* _How to complete this task_: When you reach a picture, pass over it; otherwise repeat the listing word for word.

* _Dataset excerpt_:
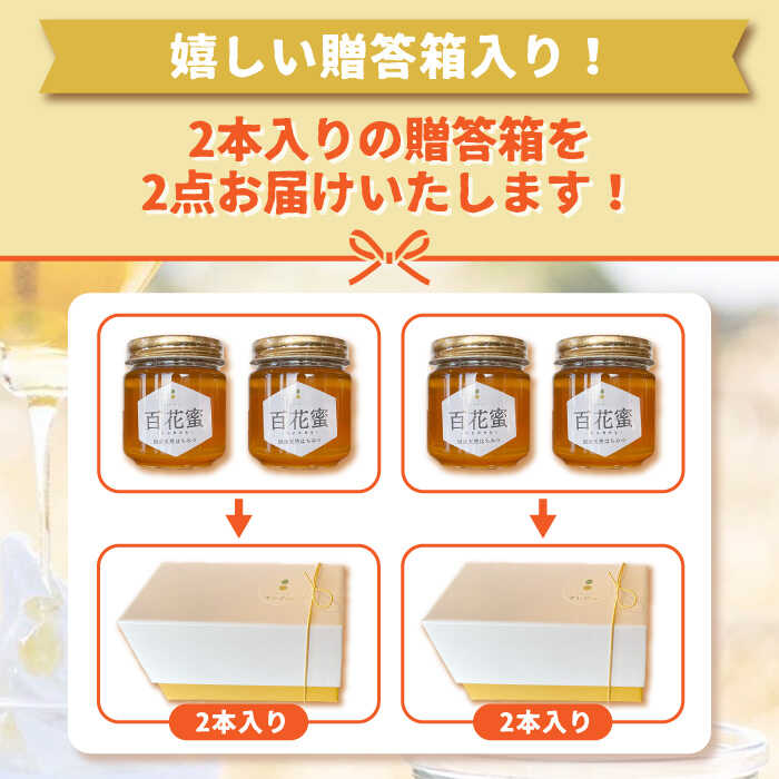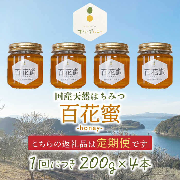 - 【ふるさと納税】【3回定期便】百花蜜 国産天然 はちみつ 200g × 4本〈嬉しい贈答箱入り!〉【オリーブハニー】[OCG007] / 清水養蜂場 ハニー トースト 純粋 蜂蜜 オリーブハニー カフェ 長崎県 みかん蜜 小分け 瓶 ギフト プレゼント 手土産 はちみつレモン 砂糖 ハチミツ
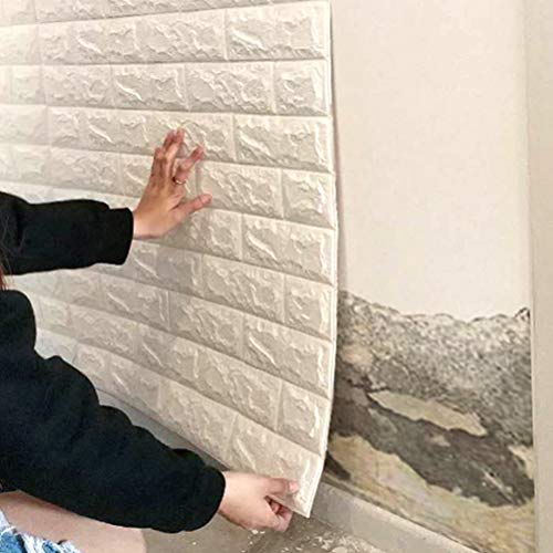 LIOOBO Muro di Piastrelle autoadesive Buccia e Bastone 3D Mattoni Bianchi Carta da Parati per Soggiorno Camera da Letto Sfondo Decorazione della Parete
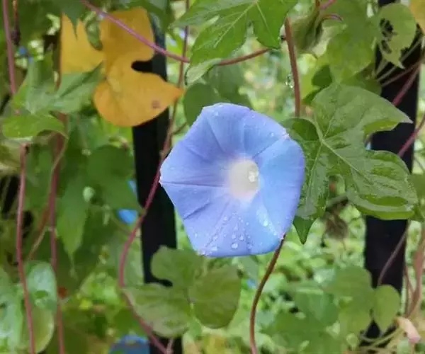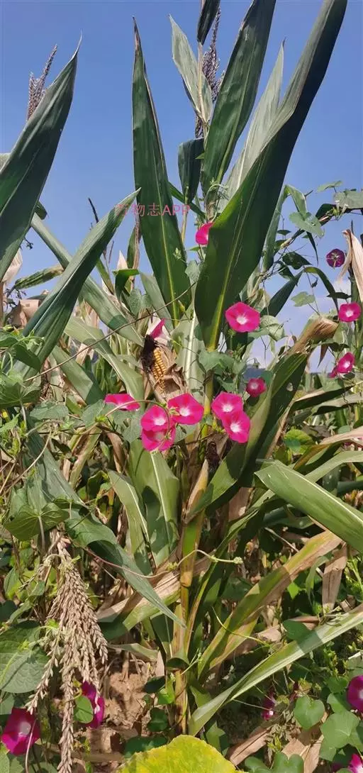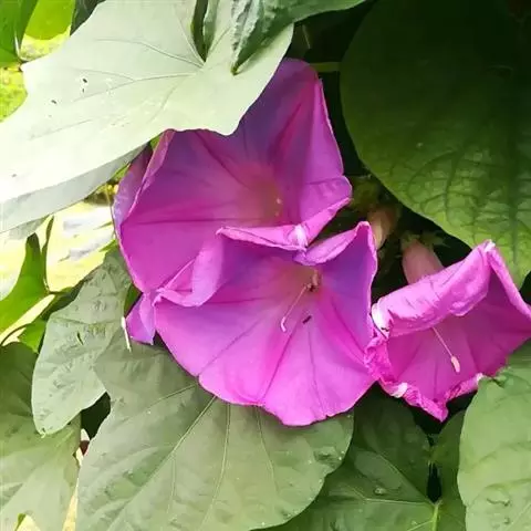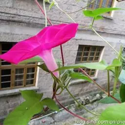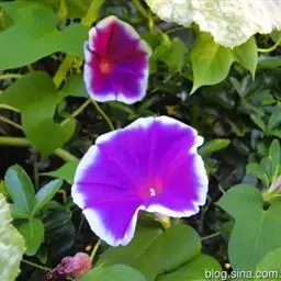 圆叶牵牛,叶阔心脏形,全缘,花型小,有白、玫红、莹蓝等色。

* _Task output_:
 - 【ふるさと納税】【3回定期便】百花蜜 国産天然 はちみつ 200g × 4本〈嬉しい贈答箱入り!〉【オリーブハニー】[OCG007] / 清水養蜂場 ハニー トースト 純粋 蜂蜜 オリーブハニー カフェ 長崎県 みかん蜜 小分け 瓶 ギフト プレゼント 手土産 はちみつレモン 砂糖 ハチミツ
 LIOOBO Muro di Piastrelle autoadesive Buccia e Bastone 3D Mattoni Bianchi Carta da Parati per Soggiorno Camera da Letto Sfondo Decorazione della Parete
 圆叶牵牛,叶阔心脏形,全缘,花型小,有白、玫红、莹蓝等色。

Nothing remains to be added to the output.